Kleve. .
Zugegeben, so ein richtiger Klever Jung war er nicht – also einer, der den täglichen Blick auf die Schwanenburg braucht, um glücklich zu sein. Wahrscheinlich lag es daran, dass es zu seiner Zeit die Schwanenburg noch gar nicht gab. Immerhin kam man an Kleve vorbei, wenn man von Aachen nach Nijmegen wollte. Und genau das hatte Theophanu vor. Sie wollte von einer Kaiserpfalz zur nächsten. Denn sie war die Frau des Kaisers Otto II. Sie war die Kaiserin.
Klein-Otto überlebte
Irgendwo im Reichswald zwischen Kleve und Goch gebar sie den künftigen Kaiser Otto III. Das war im Jahr 980. Man muss sich das Reisen zu jener Zeit beschwerlich vorstellen und die hygienischen Bedingungen besser gar nicht. Aber Klein-Otto überlebte. Im zarten Alter von drei Jahren krönte man ihn in Aachen zum römisch-deutschen König. Als sein Vater starb, übernahm erst seine Mutter die Regentschaft, nach ihrem Tod dann die Großmutter. 996 schließlich krönte man ihn in Rom zum Kaiser.
Unterwegs waren die Kaiser zu jener Zeit sozusagen ständig. Anfang 1000 pilgerte Otto nach Gnesen.

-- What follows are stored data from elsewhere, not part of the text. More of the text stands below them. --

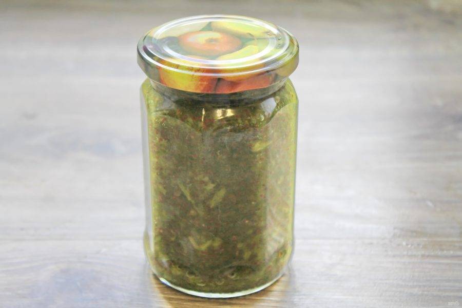 Извлеките банки из микроволновки, вылейте воду и переложите варенье. Закройте прокипяченными крышками. Хранить в темном месте, не выше 15 градусов. Из этого количества получается примерно 700 мл. варенья.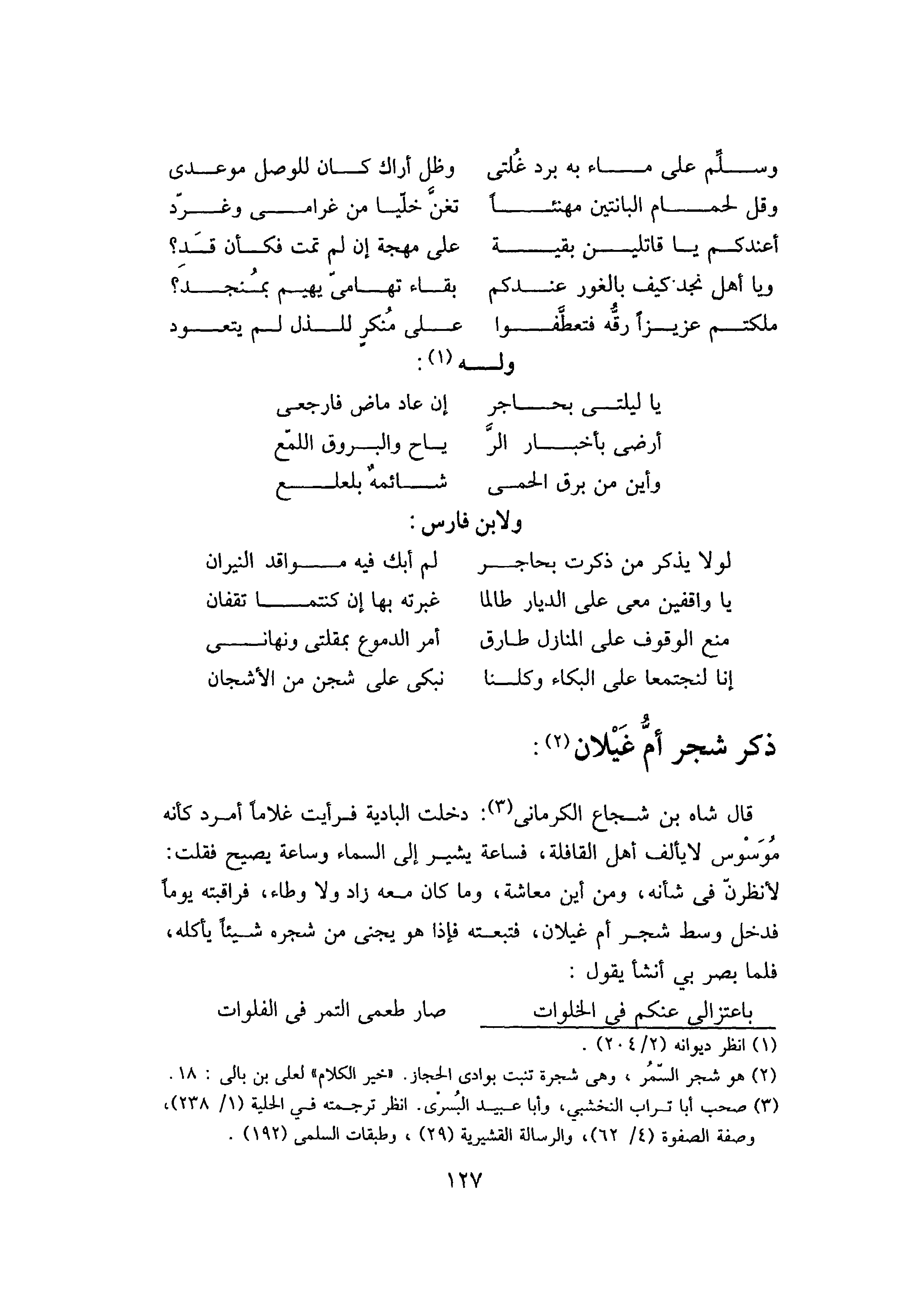 قَالَ شَاهُ بْنُ شُجَاعٍ الْكِرْمَانِيُّ: دَخَلْتُ الْبَادِيَةَ فَرَأَيْتُ غُلامًا أَمْرَدَ كَأَنَّهُ مُوَسْوَسٌ لا يَأْلَفُ أَهْلَ الْقَافِلَةِ، فَسَاعَةً يُشِيرُ إِلَى السَّمَاءِ وَسَاعَةً يَصِيحُ فَقُلْتُ: لَأَنْظُرَنَّ فِي شَأْنِهِ، وَمِنْ أَيْنَ مَعَاشُهُ، وَمَا كَانَ مَعَهُ زَادٌ وَلا وِطَاءٌ، فَرَاقَبْتُهُ يَوْمًا فَدَخَلَ وَسَطَ شَجَرِ أُمِّ غَيْلانَ، فَتَبِعْتُهُ فَإِذَا هُوَ يَجْنِي مِنْ شَجَرِهِ شَيْئًا يَأْكُلُهُ، فَلَمَّا بَصُرَ بِي، أَنْشَأَ يَقُولُ: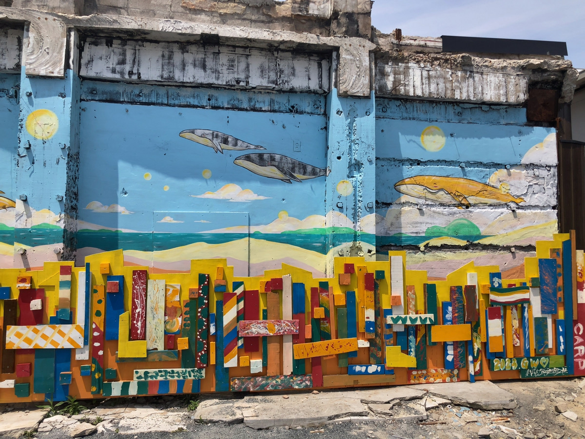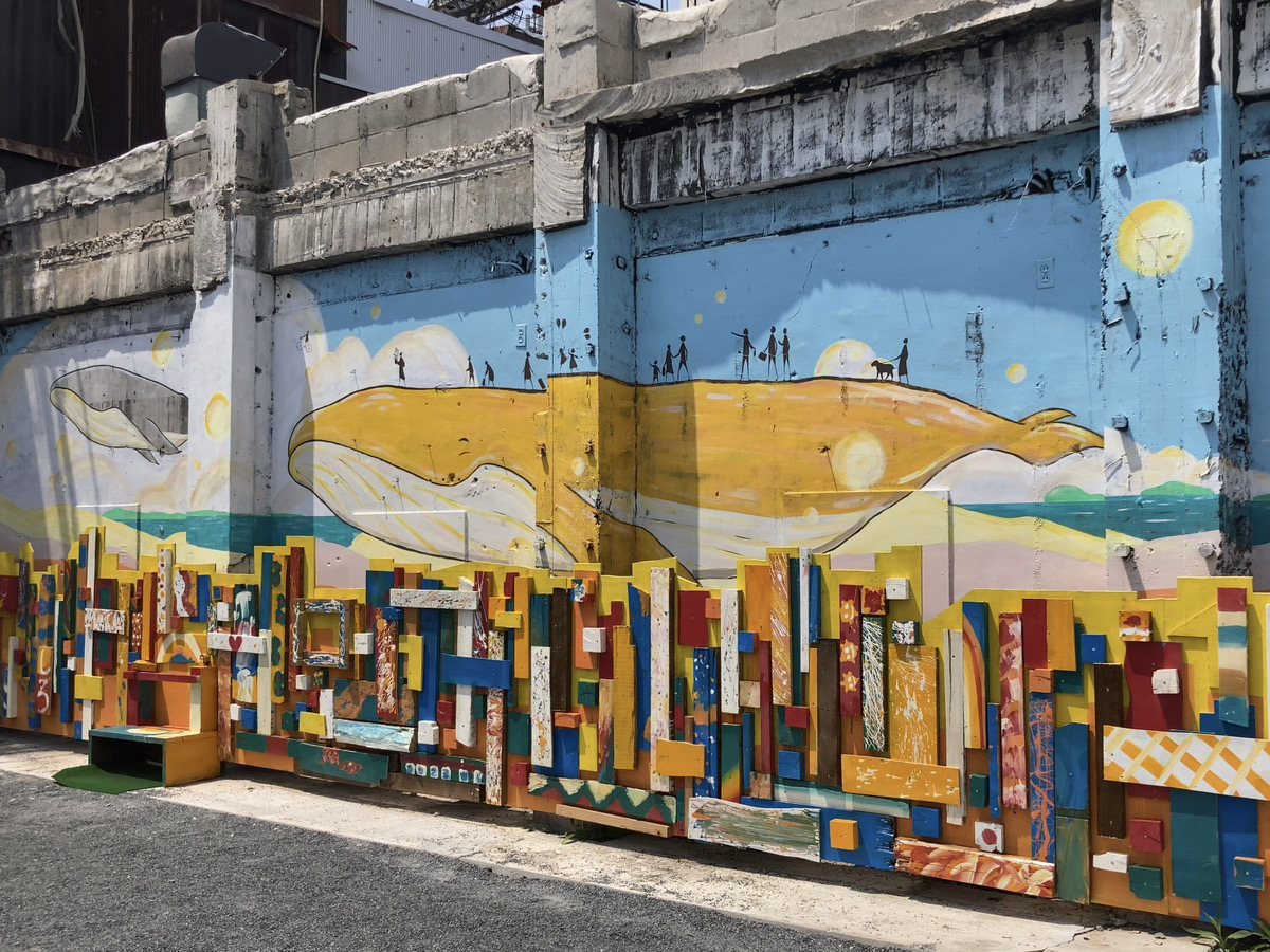 北九州市在住のアーティスト・詩太(うーた)さんが、自身の壁画にペイントされた木片を取り付け、「ウォールアート」として完成させました。

Fritz Leinung, der frühere Pfarrer der Klever Unterstadtkirche, hat immer wieder nachdrücklich auf die besondere Bedeutung dieser Pilgerfahrt hingewiesen. Der bei Kleve geborene Kaiser erhob im sogenannten „Akt von Gnesen“ den polnischen Herzog Bolesław zum König. Wie es damals genau war, ist wie so vieles umstritten. Fest steht, dass er die Eigenständigkeit Polens beträchtlich förderte. Die deutsch-polnische Freundschaft ist also schon aus historischen Gründen eine Angelegenheit, um die sich die Klever Stadtspitze seit Jahrzehnten besonders kümmert.
Diese Pilgerfahrt erlaubt allerdings auch einen tiefen Einblick in die Seelenlage eines mittelalterlichen Kaisers. Barfuß betrat er die Stadt und besuchte sogleich das Grab des heiligen Adalbert. Adalbert, ein Freund des Kaisers, war 997 von Mitgliedern eines heidnischen Stamms erschlagen worden. Der Kaiser war ein religiöser Mensch, der sich immer wieder Buß- und Fastenübungen unterzog. Auch wenn das damalige „Römische Reich“ noch nicht das „Heilige Römische Reich“ war, so nannte sich Otto III. doch ganz offiziell „Knecht Jesu Christi“. Reine Demut war das nun allerdings auch wieder nicht. Denn dadurch erhob er sich ein kleines bisschen über den Papst. Mächtiger war er ohnehin. Die merkwürdige Doppelspitze aus Papst und Kaiser, die in der Folge noch zu vielen Kriegen führen sollte, war zu Ottos Zeiten allerdings kein Problem. Otto setzte den neuen Papst ein, nachdem der alte verstorben war. So einfach war das für den Knecht Jesu Christi.
Vielleicht vergiftet
Lange regierte Otto III. nicht. Anfang 1002 starb er, vielleicht vergiftet, jedenfalls aber ruhig, gefasst und sehr christlich. War der Klever ein großer Herrscher? Die Zeitgenossen kritisierten, er habe sich zu sehr auf Rom fixiert, manche nahmen ihm den Akt von Gnesen übel, andere fühlten sich um ihre Pfründe betrogen. Allgemein nannte man ihn bald „Wunder der Welt“, ein Ehrentitel, der ziemlich einzigartig ist. Wie die Welt geworden wäre, hätte er länger gelebt, ist Spekulation. Aber vielleicht hätten die Klever (und/oder Gocher) dann ja ein Denkmal für ihn errichtet.